Clara tiba-tiba tersenyum—senyum kecil namun menusuk.
"Andrian Zhou… seharusnya kau merasa beruntung," ucap Clara pelan.
"Karena kau punya kesempatan menikmatinya. Menyentuhnya. Menciumnya. Melihat semuanya."
Tomy dan Hacken langsung terdiam.
Mereka saling melirik—udara di ruangan berubah panas.
Andrian langsung gelisah.
"Clara… mana mungkin aku menikmati? Saat itu aku berusaha melawan. Efek obatnya yang membuatku lemah."
Clara mengangkat bahu, seolah tidak mempercayainya.
"Setelah kupikir-pikir, mana ada pria yang tidak suka disentuh wanita. Lulu cukup cantik dan seksi. Dari atas sampai bawah kau sudah lihat semuanya. Sepertinya kau harus bertanggung jawab padanya."
Nada Clara sengaja dibuat menggoda dan menusuk.
Wajah Andrian langsung berubah cemas.
"Clara, ini bukan keinginanku! Mana mungkin aku harus bertanggung jawab? Dia yang menggodaku, bukan aku!"
Clara hampir tertawa melihat suaminya panik.
“Ternyata menggusiknya menyenangkan… wajahnya yang dingin itu bisa cemas juga. Apa dia takut aku cemburu?” batin Clara.
Andrian akhirnya menggenggam tangan Clara dengan tulus.
Tatapannya jujur dan penuh ketakutan kehilangan.

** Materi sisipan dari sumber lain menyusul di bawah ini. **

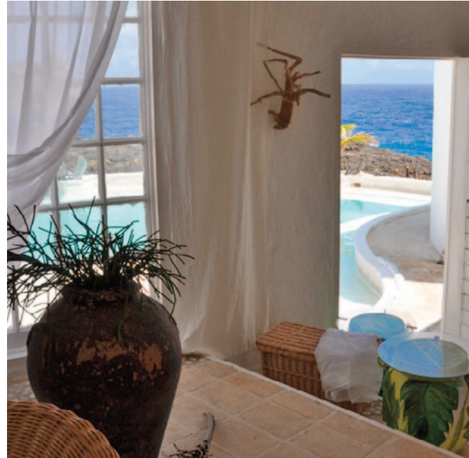
Mit Trauemaussicht auf das karibische Meer. Die Villa Tropical ist geräumig, sowie individuell und stilvoll eingerichtet.

"Clara… percaya padaku. Tidak ada perasaan apa pun. Aku jijik. Aku hanya ingin menjauh dari dia. Dan akhirnya aku berhasil."
Clara terdiam.
Nada Andrian… gerakannya… genggaman tangannya…
Semuanya terasa tulus.
"Benar juga, saat itu kau begitu lemah. Mana mungkin kau mampu melakukannya walau kau menginginkannya," jawab Clara.
Hacken dan Tomy menahan tawa mendengar ucapan istri sahabatnya itu.
"Siapa yang mengatakan aku tidak mampu, aku hanya tidak minat," jawab Andrian.